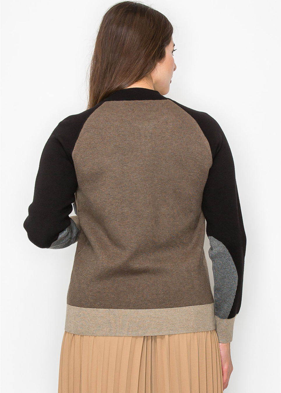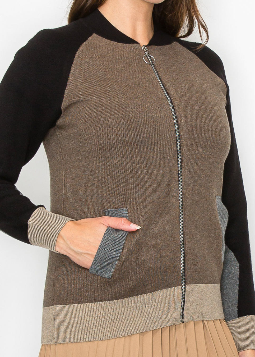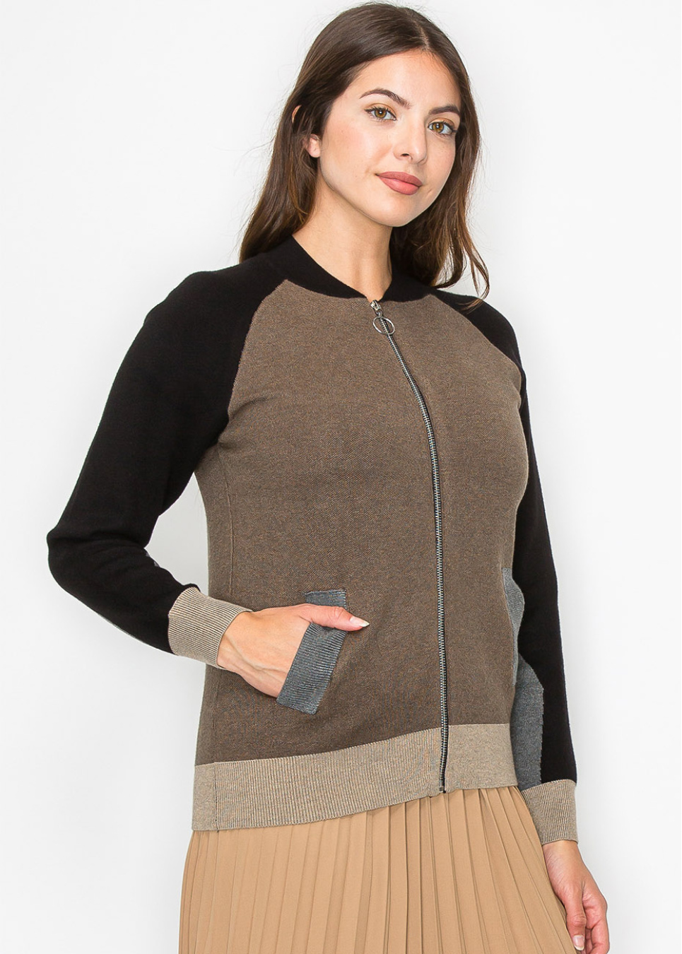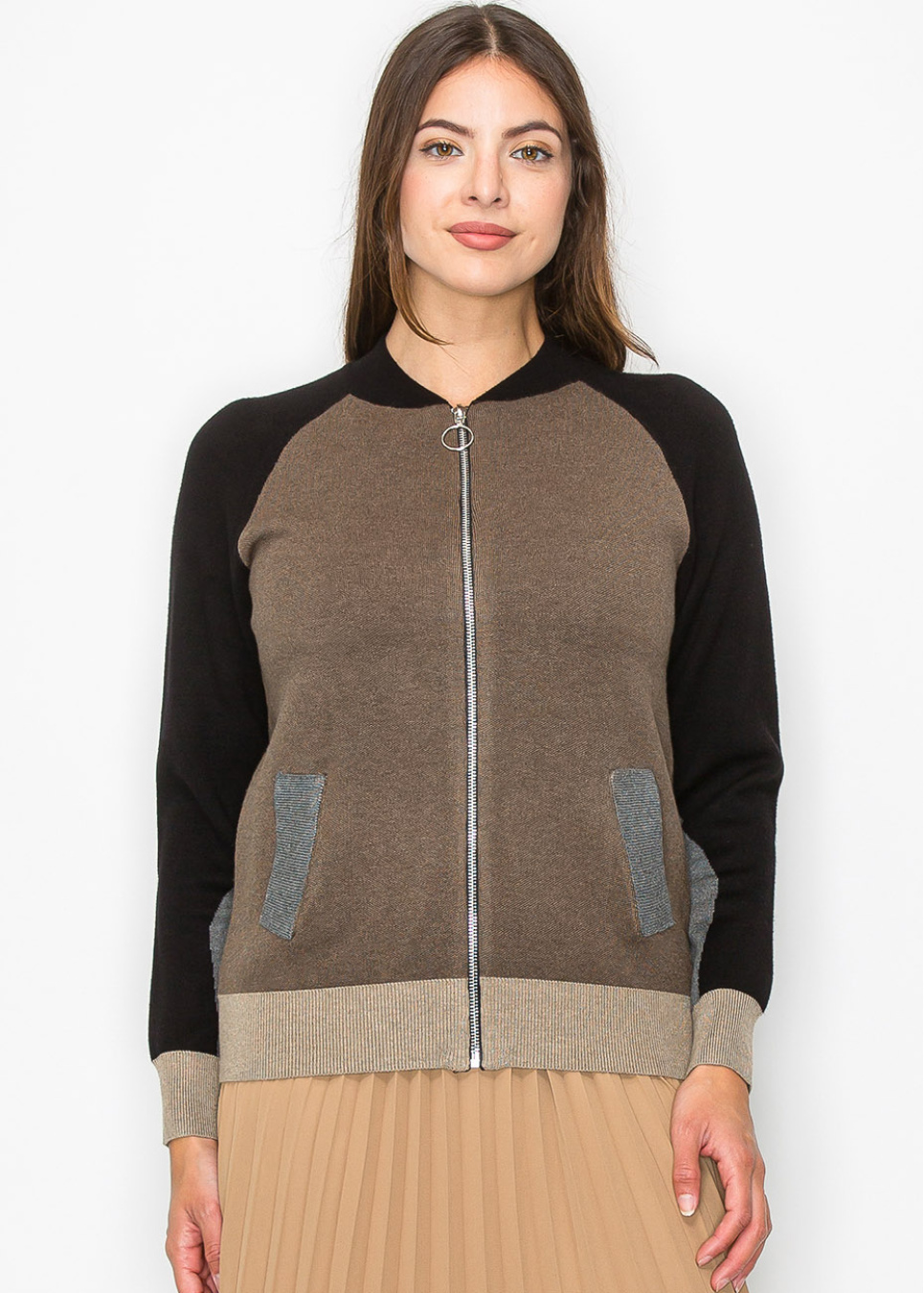 This taupe knit jacket with black sleeves offers a sleek, modern look. The zip-up front is finished with an O-ring zipper pull, adding a subtle stylish touch. The grey pocket accents add a pop of contrast, making this jacket a great choice for cooler days.
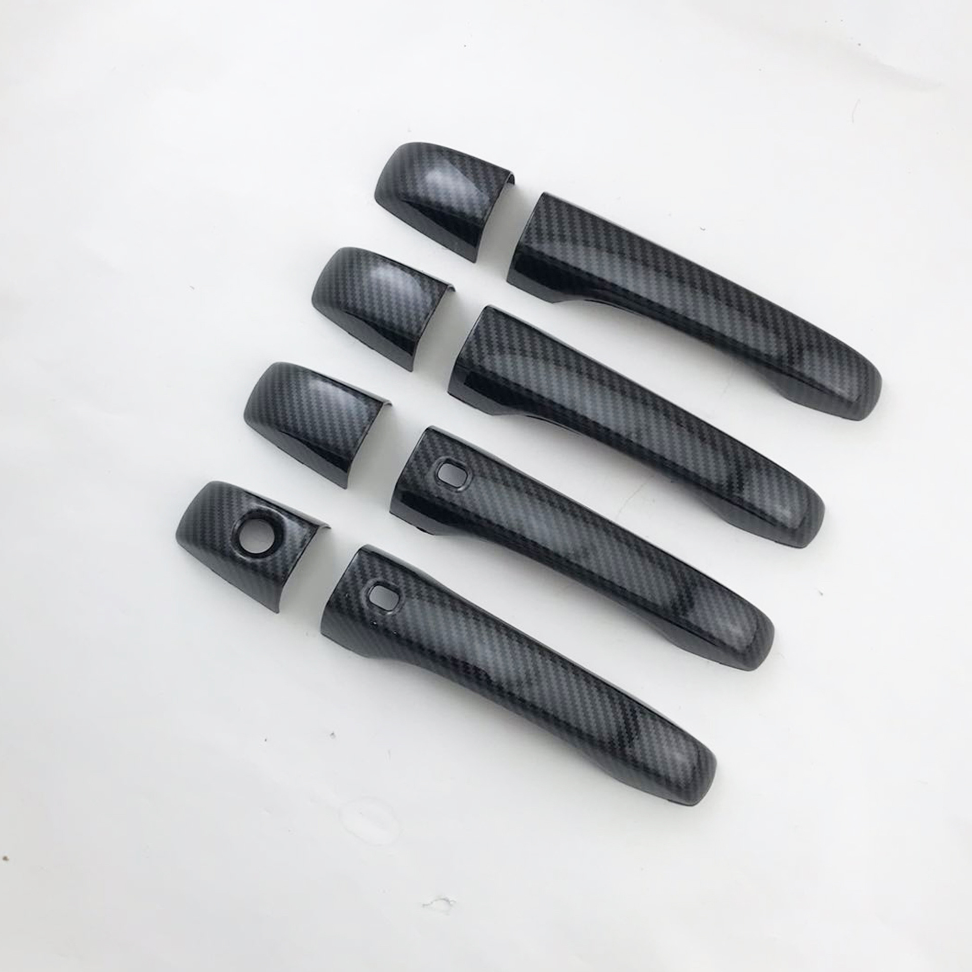 Tags: automotive door trim, carbon fiber handle caps, chrome handle trim, door handle covers, Door Handle Overlay, exterior car accessories, vehicle garnish
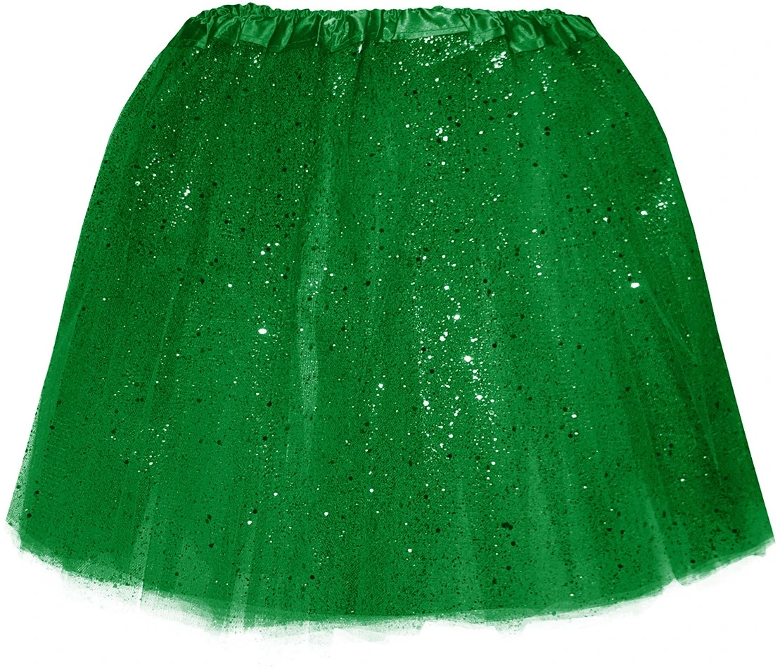 Mooie groene tule rokje vol met kleine en grote glitters. De lengte van het rokje is 41 centimeter. Het rokje is one size, maar is maximaal te dragen tot maat 38/40.
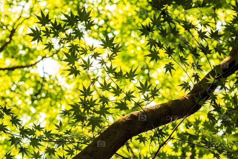 Красивые листья клена светятся в лучах солнца летом
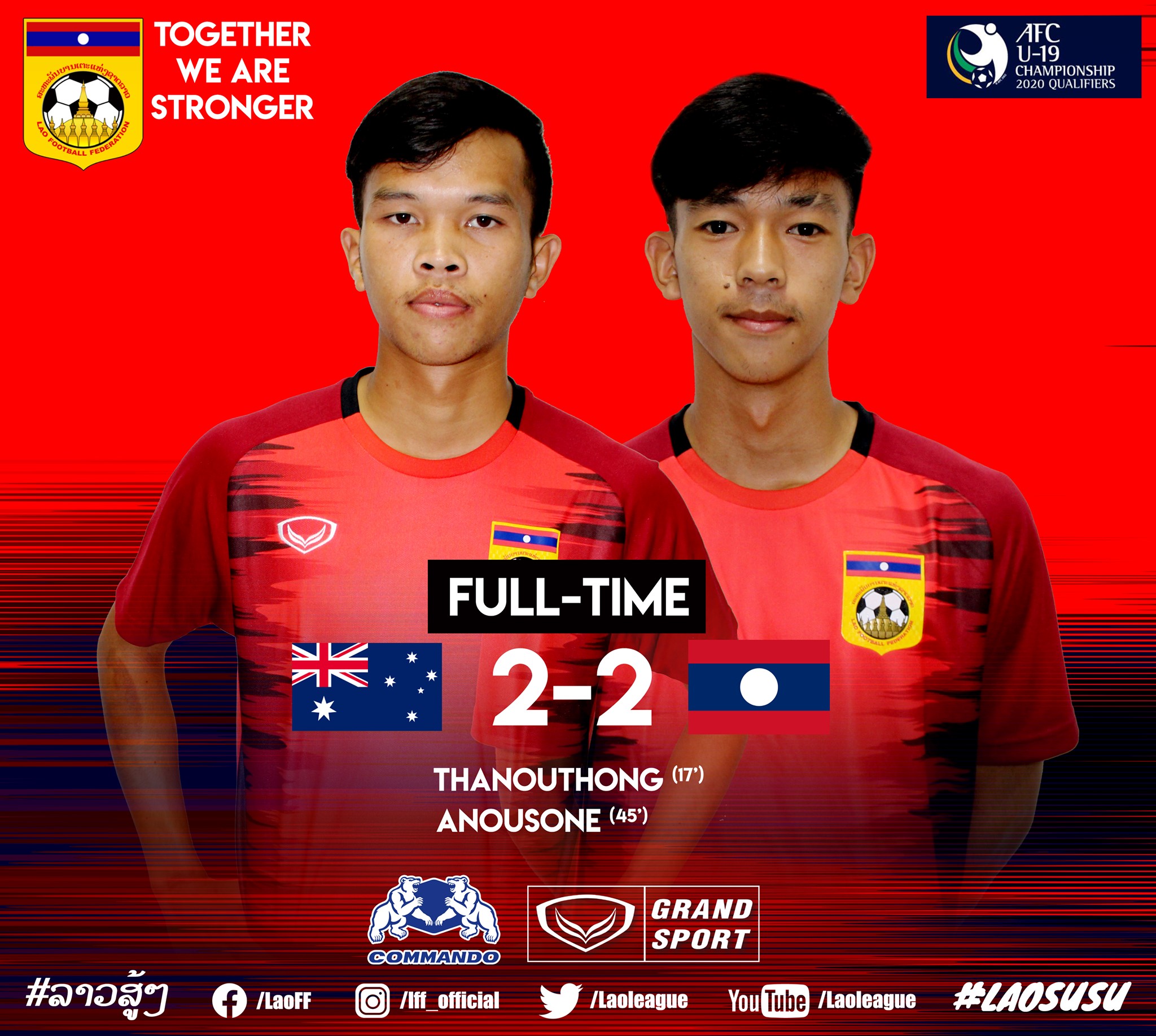 ໂດຍກຸ່ມ H ຫຼື AFC U-19 CHAMPIONSHIP 2020, Qualifiers ຜ່ານການແຂ່ງຂັນ ຜົນປະກົດວ່າ: ທີມຊາດລາວສະເໝີທີມຊາດອົດສະຕຣາລີ 2-2 ໂດຍທີມຊາດລາວໄດ້ປະຕູຂຶ້ນນຳໄປກ່ອນ 2 ປະຕູໃນເຄິ່ງເວລາທຳອິດຈາກ 2 ນັກເຕະລູກຫຼານຊາວ ແຂວງຄຳມ່ວນ ທະນູທອງກຽດນະລົງລົບ ນາທີ 15 ແລະອານຸ ສອນ ໄຊປັນຍາ ນາທີ 44 ສ່ວນໃນເຄິ່ງທີ 2 ທີມຊາດອົດສະຕຣາລີ ສາມາດຕີສະເໝີໄດ້ 2 ປະຕູຈາກ RUIZ DIAZ ນາທີ 64 ແລະ CARLUCCIO ນາທີ 78 ຈົບເກມການແຂ່ງຂັນສະເໝີກັນ 2-2 ແບ່ງກັນທີມລະ 1 ຄະແນນ, ສ່ວນ ອີກຄູ່ ໄຕ້ຫວັນ ເຈົ້າພາບ ຊະນະ ມາເກົາ ຂາດລອຍ 8-0, ສຳລັບ ລາຍຊື່ນັກກີລາທີລົງສະໝາມຂອງ ທີມຊາດລາວມີຄື: ຜູ້ຮັກສາປະຕູສໍລະສັກ ທີລະວົງ, ກອງຫຼັງ ຄຳສະຫງ່າ ພິມມະສອນ, ຊີດີພົມສະ ຫວັນ, ອານັນຕະຊາ ສີພົງພັນ, ນາລົງສິດ ຈັນທະລັງສີ (ພຸດທະວົງ ສັງວິໄລ ນາທີ 86) ກອງກາງ ອານຸສອນ ໄຊປັນຍາ (ພູວຽງ ພູມສະຫວັດ ນາທີ 64), ບຸນມີ ປິ່ນແກ້ວ, ອາລຸນໄນ ລຸນລາສີ, ໂຈນີ ແຫວນປະເສີດ, ທະນູທອງ ກຽດນະລົງລົບ, ກອງໜ້າຕີ ສີຫາລາດ (ສົງການ ສີຈັນທະວົງ ນາທີ 89).

# # # #

_How to complete this task_:
Line by line, return the listing above exactly, dropping every picture.

_Exercise answer_:
 This taupe knit jacket with black sleeves offers a sleek, modern look. The zip-up front is finished with an O-ring zipper pull, adding a subtle stylish touch. The grey pocket accents add a pop of contrast, making this jacket a great choice for cooler days.
 Tags: automotive door trim, carbon fiber handle caps, chrome handle trim, door handle covers, Door Handle Overlay, exterior car accessories, vehicle garnish
 Mooie groene tule rokje vol met kleine en grote glitters. De lengte van het rokje is 41 centimeter. Het rokje is one size, maar is maximaal te dragen tot maat 38/40.
 Красивые листья клена светятся в лучах солнца летом
 ໂດຍກຸ່ມ H ຫຼື AFC U-19 CHAMPIONSHIP 2020, Qualifiers ຜ່ານການແຂ່ງຂັນ ຜົນປະກົດວ່າ: ທີມຊາດລາວສະເໝີທີມຊາດອົດສະຕຣາລີ 2-2 ໂດຍທີມຊາດລາວໄດ້ປະຕູຂຶ້ນນຳໄປກ່ອນ 2 ປະຕູໃນເຄິ່ງເວລາທຳອິດຈາກ 2 ນັກເຕະລູກຫຼານຊາວ ແຂວງຄຳມ່ວນ ທະນູທອງກຽດນະລົງລົບ ນາທີ 15 ແລະອານຸ ສອນ ໄຊປັນຍາ ນາທີ 44 ສ່ວນໃນເຄິ່ງທີ 2 ທີມຊາດອົດສະຕຣາລີ ສາມາດຕີສະເໝີໄດ້ 2 ປະຕູຈາກ RUIZ DIAZ ນາທີ 64 ແລະ CARLUCCIO ນາທີ 78 ຈົບເກມການແຂ່ງຂັນສະເໝີກັນ 2-2 ແບ່ງກັນທີມລະ 1 ຄະແນນ, ສ່ວນ ອີກຄູ່ ໄຕ້ຫວັນ ເຈົ້າພາບ ຊະນະ ມາເກົາ ຂາດລອຍ 8-0, ສຳລັບ ລາຍຊື່ນັກກີລາທີລົງສະໝາມຂອງ ທີມຊາດລາວມີຄື: ຜູ້ຮັກສາປະຕູສໍລະສັກ ທີລະວົງ, ກອງຫຼັງ ຄຳສະຫງ່າ ພິມມະສອນ, ຊີດີພົມສະ ຫວັນ, ອານັນຕະຊາ ສີພົງພັນ, ນາລົງສິດ ຈັນທະລັງສີ (ພຸດທະວົງ ສັງວິໄລ ນາທີ 86) ກອງກາງ ອານຸສອນ ໄຊປັນຍາ (ພູວຽງ ພູມສະຫວັດ ນາທີ 64), ບຸນມີ ປິ່ນແກ້ວ, ອາລຸນໄນ ລຸນລາສີ, ໂຈນີ ແຫວນປະເສີດ, ທະນູທອງ ກຽດນະລົງລົບ, ກອງໜ້າຕີ ສີຫາລາດ (ສົງການ ສີຈັນທະວົງ ນາທີ 89).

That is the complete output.